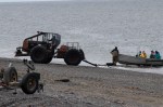 Our friend who we met on the ferry and met for dinner the other night mentioned the Ninilchik Beach as a place you can drive on the beach and could possibly see some eagles we decided to stop and check it out before heading up the road. The funny thing is who do we run into Tom our friend. He was taking his two dogs for a run. We talked for a bit about the fishing, the old cannery for fish, eagles, and dogs. (side note I saw 1 eagle while we were there.)
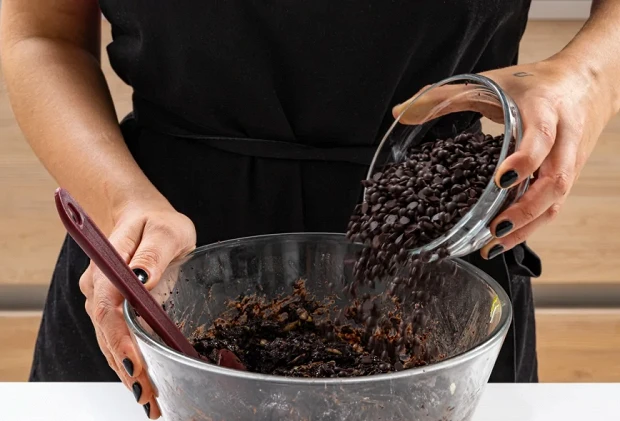 Добавить в тесто шоколад и снова перемешать. Мы используем специальный кондитерский шоколад в «каплях», но можно добавлять и обычный плиточный — перед этим нужно измельчить его ножом, чтобы он распределился по тесту.
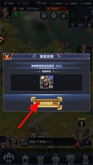 1、在豫章民情任务弹窗中,点击欣然接受按钮,接取清缴豫章附近叛军的任务,获取任务目标奖励。
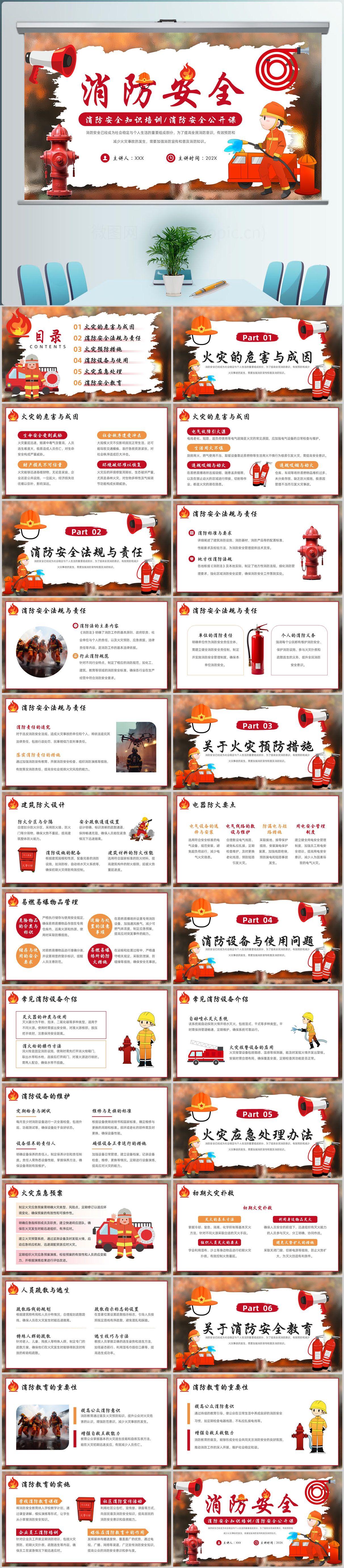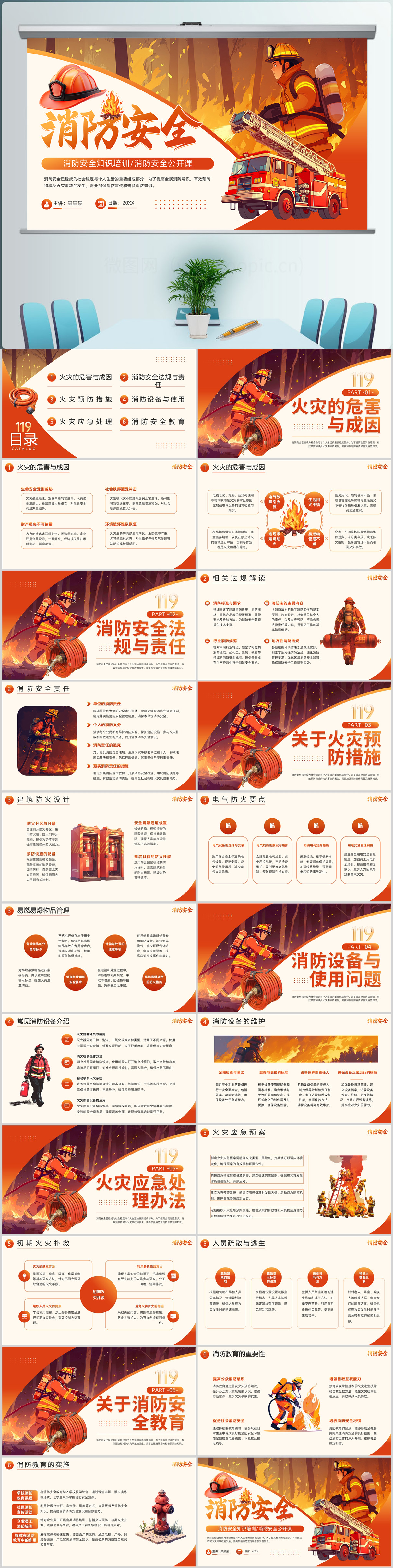 红色插画风119消防日宣传中国消防安全知识培训公开课PPT模板
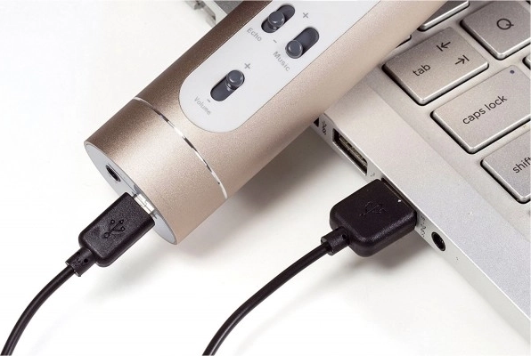 - karaoke mikrofon, USB–Micro USB nabíjecí kabel, audio kabel, návod
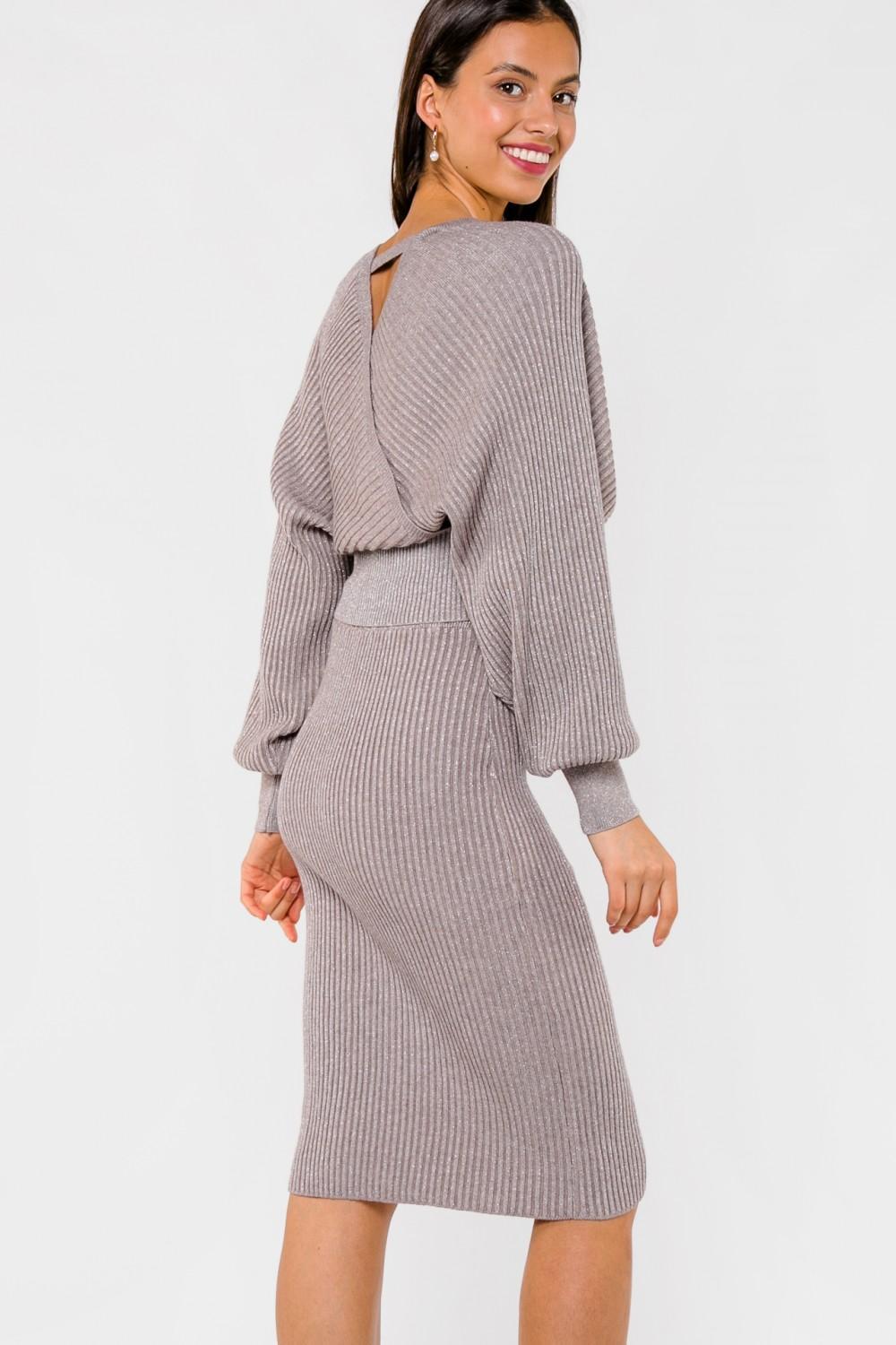 - Элегантный юбочный костюм нежного кофейного оттенка с вкраплениями нитей люрекса по всему полотну; - Состав: 50% шерсть, 30% вискоза , 10% акрил, 10% полиэстер; - Юбка облегающего силуэта на эластичном притачном поясе, джемпер свободного кроя с глубоким V-образным вырезом горловины, переходящим на спинку, и длинными объемными рукавами "Летучая мышь"; - Комплект можно носить по отдельности, сочетая с другими элементами гардероба; - <span>Параметры модели: рост 170 см, грудь 84 см, талия 61 см, бедра 90 см.</span>
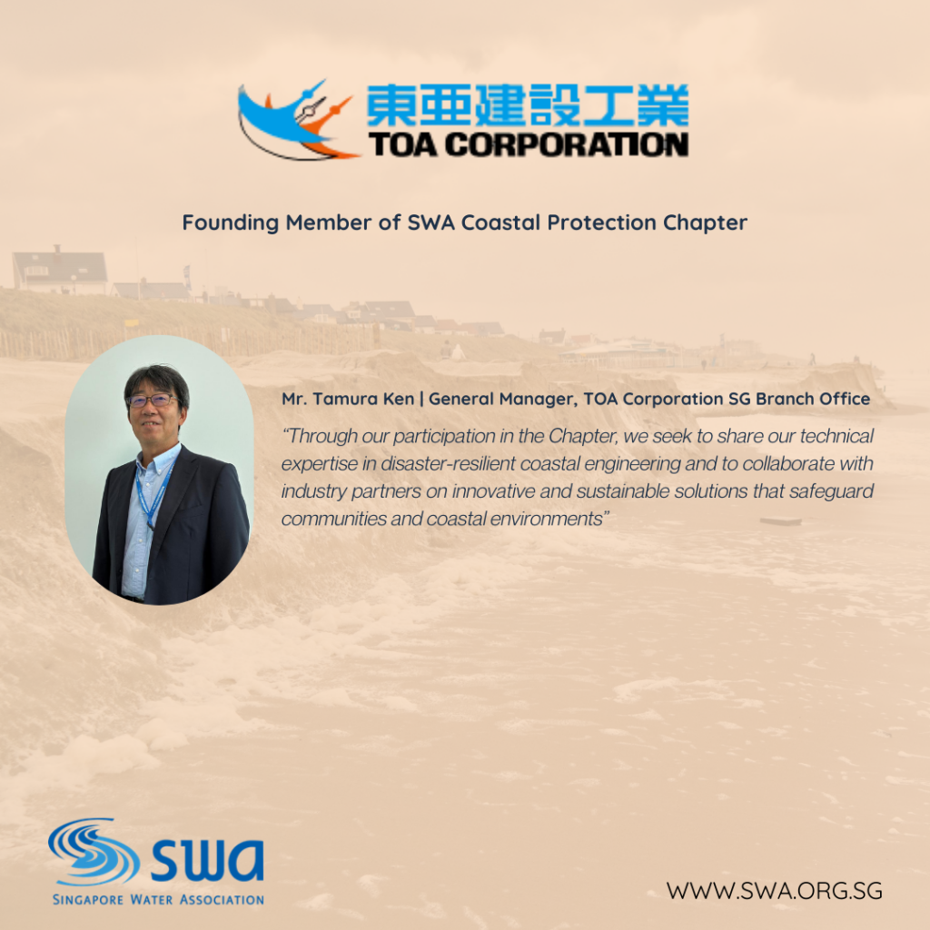 We’re excited to welcome TOA Corporation SG Branch Office as a Founding Member of the Singapore Water Association (SWA) Coastal Protection Chapter — a platform uniting industry leaders to strengthen Singapore’s and the region’s resilience against rising sea levels and coastal challenges.
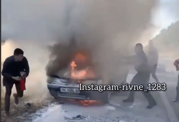 В інстаграм-спільноті rivne_1283 очевидці показали, як чоловіки вогнегасниками допомагали водію загасити охоплений вогнем автомобіль, який палав на дорозі як смолоскип. Щоправда, не всі, деякі свідки з цікавістю лише спостерігали, як інші працювали там рятувальниками. Причина пожежі в авто поки що невідома.
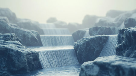 illustration of a mountain river cascading over stylized blocky rocks, the water depicted in smooth arcs, minimal gradient background with distant abstract shapes, low-angle view, zbrush, digital art --chaos 10 --ar 16:9 --v 6.1 Job ID: de3e4576-8b4a-4199-a2d0-3fad428c8de3

# [WHAT YOU NEED TO DO]
Every line above must appear in the answer unchanged, and no picture may appear in it.

# [ANSWER FOR THIS EXERCISE]
 Our friend who we met on the ferry and met for dinner the other night mentioned the Ninilchik Beach as a place you can drive on the beach and could possibly see some eagles we decided to stop and check it out before heading up the road. The funny thing is who do we run into Tom our friend. He was taking his two dogs for a run. We talked for a bit about the fishing, the old cannery for fish, eagles, and dogs. (side note I saw 1 eagle while we were there.)
 Добавить в тесто шоколад и снова перемешать. Мы используем специальный кондитерский шоколад в «каплях», но можно добавлять и обычный плиточный — перед этим нужно измельчить его ножом, чтобы он распределился по тесту.
 1、在豫章民情任务弹窗中,点击欣然接受按钮,接取清缴豫章附近叛军的任务,获取任务目标奖励。
 红色插画风119消防日宣传中国消防安全知识培训公开课PPT模板
 - karaoke mikrofon, USB–Micro USB nabíjecí kabel, audio kabel, návod
 - Элегантный юбочный костюм нежного кофейного оттенка с вкраплениями нитей люрекса по всему полотну; - Состав: 50% шерсть, 30% вискоза , 10% акрил, 10% полиэстер; - Юбка облегающего силуэта на эластичном притачном поясе, джемпер свободного кроя с глубоким V-образным вырезом горловины, переходящим на спинку, и длинными объемными рукавами "Летучая мышь"; - Комплект можно носить по отдельности, сочетая с другими элементами гардероба; - <span>Параметры модели: рост 170 см, грудь 84 см, талия 61 см, бедра 90 см.</span>
 We’re excited to welcome TOA Corporation SG Branch Office as a Founding Member of the Singapore Water Association (SWA) Coastal Protection Chapter — a platform uniting industry leaders to strengthen Singapore’s and the region’s resilience against rising sea levels and coastal challenges.
 В інстаграм-спільноті rivne_1283 очевидці показали, як чоловіки вогнегасниками допомагали водію загасити охоплений вогнем автомобіль, який палав на дорозі як смолоскип. Щоправда, не всі, деякі свідки з цікавістю лише спостерігали, як інші працювали там рятувальниками. Причина пожежі в авто поки що невідома.
 illustration of a mountain river cascading over stylized blocky rocks, the water depicted in smooth arcs, minimal gradient background with distant abstract shapes, low-angle view, zbrush, digital art --chaos 10 --ar 16:9 --v 6.1 Job ID: de3e4576-8b4a-4199-a2d0-3fad428c8de3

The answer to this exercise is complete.